INFORMATION:
╔══
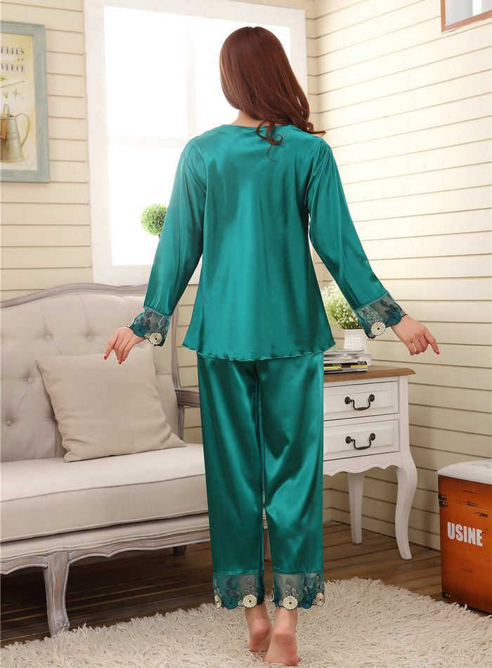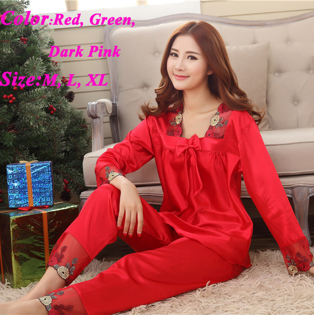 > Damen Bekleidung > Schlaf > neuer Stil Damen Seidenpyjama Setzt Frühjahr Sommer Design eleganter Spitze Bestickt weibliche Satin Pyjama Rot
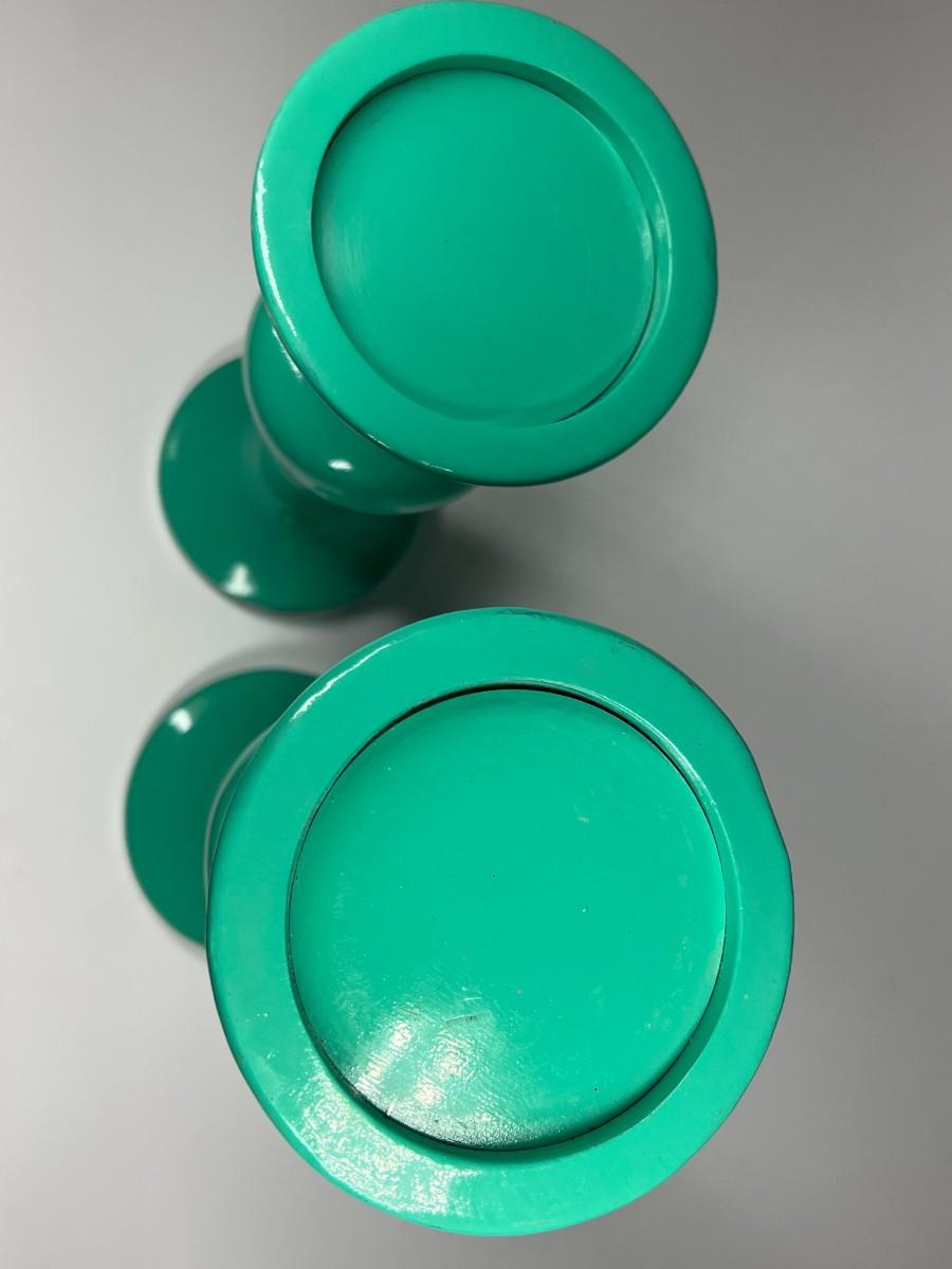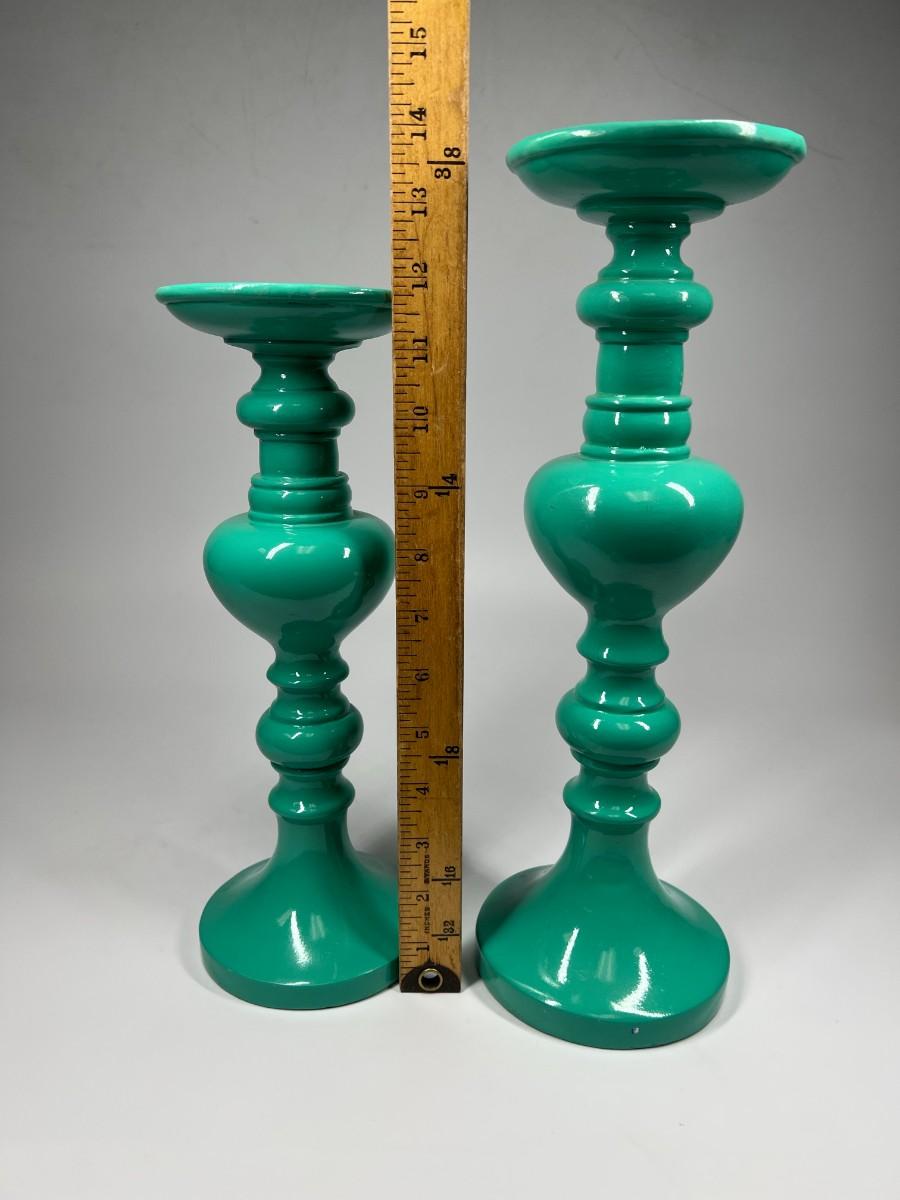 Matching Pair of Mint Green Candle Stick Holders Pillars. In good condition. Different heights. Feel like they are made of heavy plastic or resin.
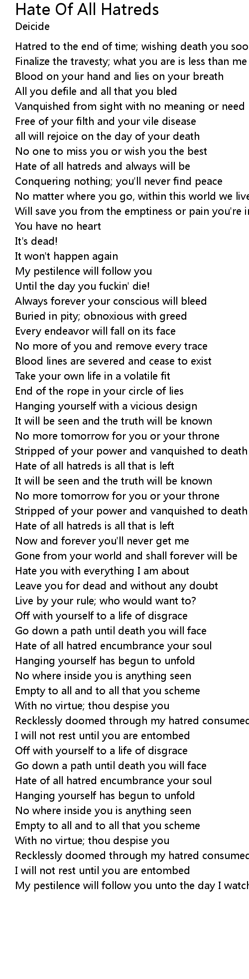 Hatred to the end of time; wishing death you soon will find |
╚══
╔══
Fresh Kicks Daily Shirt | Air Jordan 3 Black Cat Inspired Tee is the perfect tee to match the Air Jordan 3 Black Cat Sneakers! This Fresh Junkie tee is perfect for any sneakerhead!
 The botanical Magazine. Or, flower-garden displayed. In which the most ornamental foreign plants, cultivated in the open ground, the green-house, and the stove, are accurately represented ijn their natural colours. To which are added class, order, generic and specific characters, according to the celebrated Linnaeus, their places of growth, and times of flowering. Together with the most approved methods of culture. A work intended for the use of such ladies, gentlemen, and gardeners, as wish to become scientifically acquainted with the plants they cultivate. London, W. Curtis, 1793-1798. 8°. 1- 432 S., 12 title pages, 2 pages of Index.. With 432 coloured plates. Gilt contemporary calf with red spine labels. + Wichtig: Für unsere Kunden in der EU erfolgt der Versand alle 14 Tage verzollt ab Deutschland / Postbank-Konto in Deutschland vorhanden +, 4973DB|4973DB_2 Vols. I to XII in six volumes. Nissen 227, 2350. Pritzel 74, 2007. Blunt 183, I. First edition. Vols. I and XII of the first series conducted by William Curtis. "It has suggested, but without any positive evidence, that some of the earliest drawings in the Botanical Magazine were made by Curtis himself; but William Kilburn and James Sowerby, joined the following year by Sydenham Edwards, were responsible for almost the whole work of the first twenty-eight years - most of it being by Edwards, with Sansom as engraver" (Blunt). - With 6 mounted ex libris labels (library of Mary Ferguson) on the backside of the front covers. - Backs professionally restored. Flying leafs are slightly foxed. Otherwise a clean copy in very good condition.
╚══
╔══
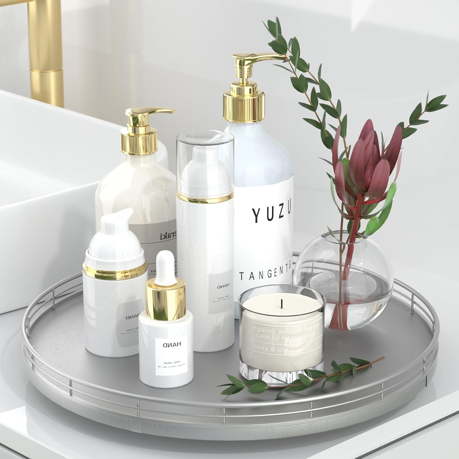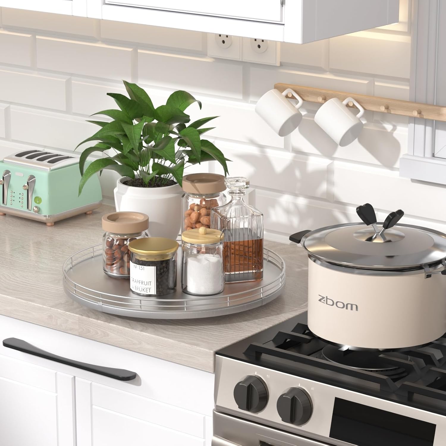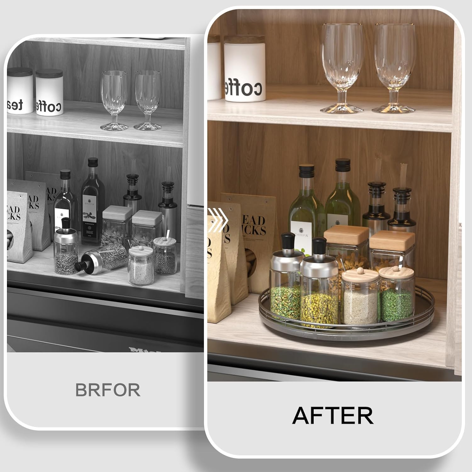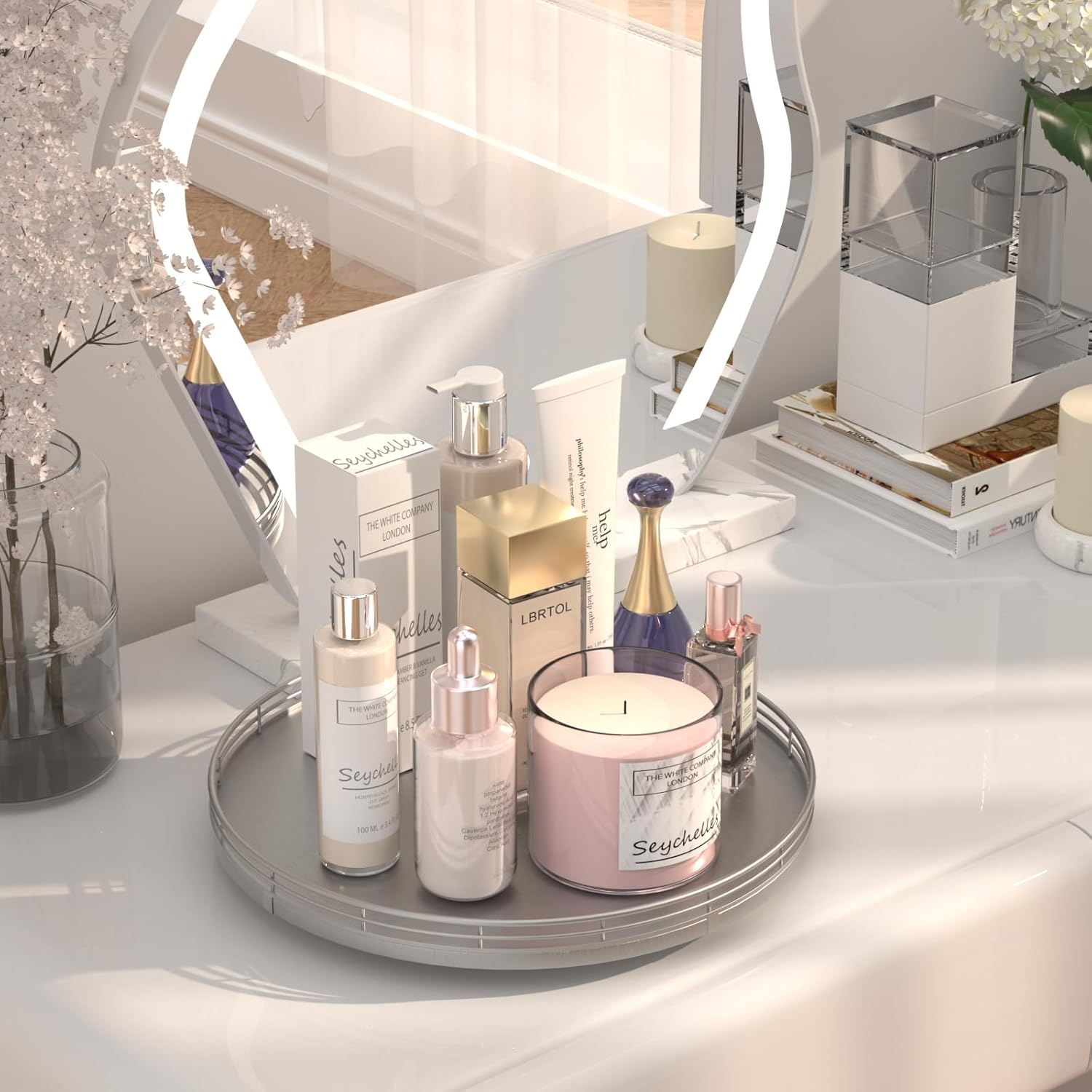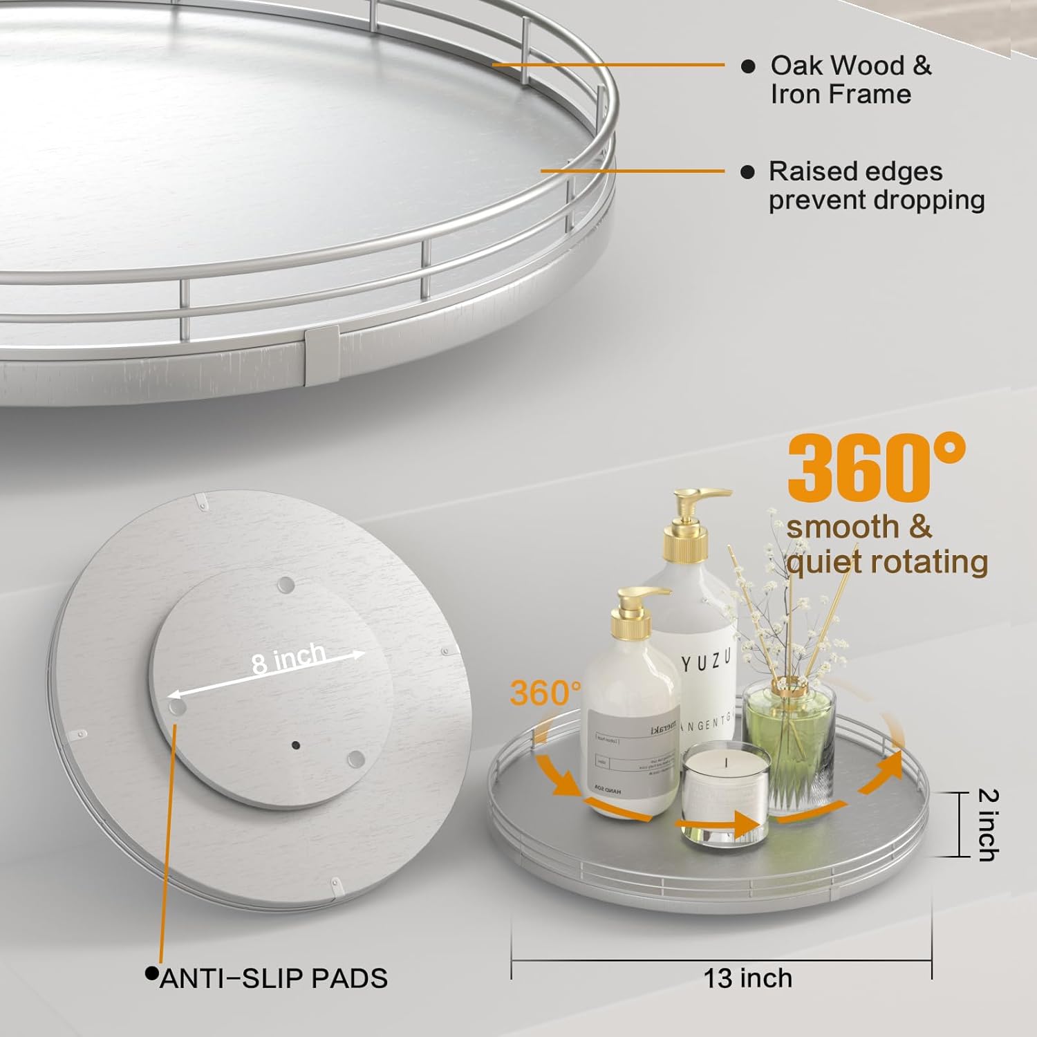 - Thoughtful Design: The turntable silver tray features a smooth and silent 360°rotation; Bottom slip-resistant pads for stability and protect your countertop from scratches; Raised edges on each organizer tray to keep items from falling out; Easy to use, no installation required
╚══
PROBLEM TO SOLVE: Extract from the listing above the lines between the line containing "Fresh Kicks Daily" and the line containing "The botanical Magazine.", keeping both of those lines. Output nothing else.

REPLY TO THE EXERCISE:
Fresh Kicks Daily Shirt | Air Jordan 3 Black Cat Inspired Tee is the perfect tee to match the Air Jordan 3 Black Cat Sneakers! This Fresh Junkie tee is perfect for any sneakerhead!
 The botanical Magazine. Or, flower-garden displayed. In which the most ornamental foreign plants, cultivated in the open ground, the green-house, and the stove, are accurately represented ijn their natural colours. To which are added class, order, generic and specific characters, according to the celebrated Linnaeus, their places of growth, and times of flowering. Together with the most approved methods of culture. A work intended for the use of such ladies, gentlemen, and gardeners, as wish to become scientifically acquainted with the plants they cultivate. London, W. Curtis, 1793-1798. 8°. 1- 432 S., 12 title pages, 2 pages of Index.. With 432 coloured plates. Gilt contemporary calf with red spine labels. + Wichtig: Für unsere Kunden in der EU erfolgt der Versand alle 14 Tage verzollt ab Deutschland / Postbank-Konto in Deutschland vorhanden +, 4973DB|4973DB_2 Vols. I to XII in six volumes. Nissen 227, 2350. Pritzel 74, 2007. Blunt 183, I. First edition. Vols. I and XII of the first series conducted by William Curtis. "It has suggested, but without any positive evidence, that some of the earliest drawings in the Botanical Magazine were made by Curtis himself; but William Kilburn and James Sowerby, joined the following year by Sydenham Edwards, were responsible for almost the whole work of the first twenty-eight years - most of it being by Edwards, with Sansom as engraver" (Blunt). - With 6 mounted ex libris labels (library of Mary Ferguson) on the backside of the front covers. - Backs professionally restored. Flying leafs are slightly foxed. Otherwise a clean copy in very good condition.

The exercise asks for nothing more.